Я улыбнулся на его дубленую и веселую «вывеску». За глаза его так и прозвали — Интеллект.
— Рви на крайнюю! — крикнул я. — Лобовой поднялся.
Действительно, поднялся легкий лобовой ветер, и, опираясь на него, прыгун мог вытянуть лишних пару метров до крайней отметки. Колька кивнул. Я видел, как высоко вверх он поднял руку, спрашивая старта.
Он оторвался и парил так долго, что толпа замолчала, а потом ахнула — гулко хлопнули лыжи и зеленый свитер нырнул на спуске.
— Минаев, «Буревестник», 71 и 2! — объявило радио.
Я обрадовался больше не этому, а тому, что забыл на время о себе самом. Но до конца я все же не остался: меня все время тянуло куда-то, а куда — я не понимал. Так иногда тянет выпить, а начнешь пить — и в горло не лезет.
В воскресенье всегда много народу в хороших пальто и цветных шарфах. Тянет водочкой, и у многих в метро румяные значительные лица. Все это давно известно, и непонятно, какая это меня муха укусила сегодня. Девушку в пушистом платке толкнул какой-то тип. Она сказала:
— Потише, гражданин!
— Стой, где приземлилась! — нахально ответил тип и еще надавил плечом.

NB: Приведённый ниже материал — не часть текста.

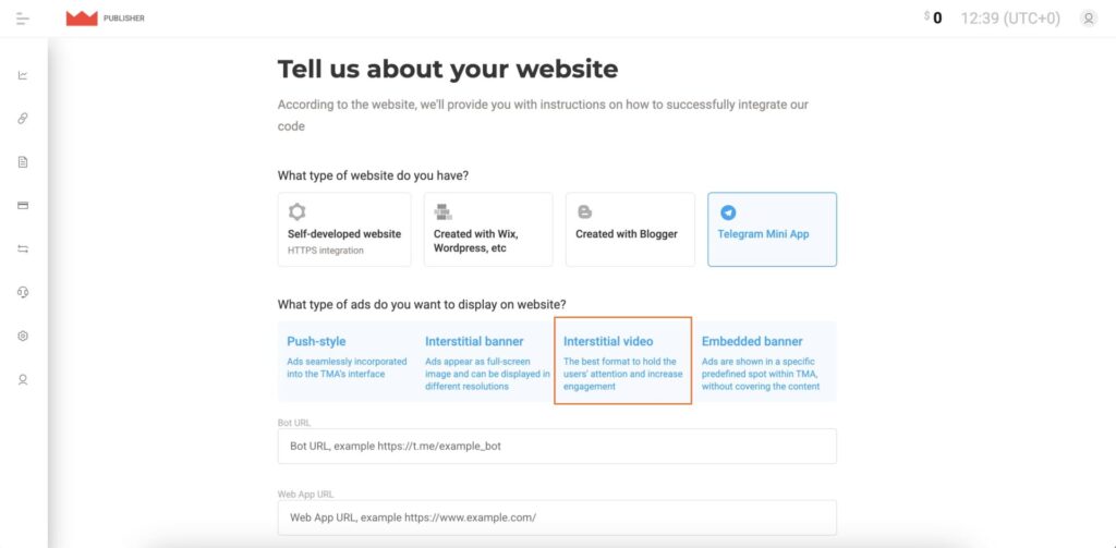 If you want to monetize your own project in Mini Apps with Interstitial video format for Telegram — you can become a publisher at RichAds ad network! Simply select the desired format while registering as one, and start earning money on showing this new type of advertisements to the audience of your mini application. Learn more from our article on monetizing Telegram Mini Apps!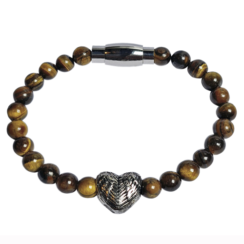 As armband met tiger eye kralen. In het hartje zit een askamer verwerkt. U kunt de askamer eenvoudig zelf vullen of dit door ons laten doen. Indien u voor deze laatste optie kiest, ontvangt u de instructies voor het (aangetekend) toesturen van de as na plaatsing van uw bestelling. De magneetsluiting is gemaakt van RVS en heeft een glanzend afwerking.

Раньше я бы ни за что не ввязался. Но то ли я был злой, то ли у девушки лицо стало такое детское и гордое от обиды, но я сказал:
— Силенку пробуешь?
Он сразу повернул ко мне свое опухшее мурло и открыл рот. Я знал, что он сейчас вывалит, и обогнал его:
— Закрой отдушину, а то разит, — сказал я и приготовился. Но он растерял все слова и только выдавил:
— Ах ты, пижон!
Это было неудачно — я на пижона не похож. Он не успел ударить — открылись двери на «Спортивной», толпа поднаперла и вытолкнула его на платформу. Только там он разразился, но поезд тронулся, и он так и остался там со своими кулаками.
Публика сразу загудела одобрительно и неодобрительно, а я чувствовал себя дураком. Это всегда так: как сыграешь в благородство — остаешься в дураках.
Я глянул на девушку, и она порозовела. У нее было совсем простенькое лицо, но глаза очень серьезные и какие-то изумленные или счастливые — я не разобрал. Она тихонько поправила волосы на виске, вздохнула, и меня словно что-то тронуло за горло, и я забыл о народе в вагоне, о том типе — обо всем. Будто мы с ней встретились где-то на берегу, среди водяной пустоты и молчания. Бывает же такое!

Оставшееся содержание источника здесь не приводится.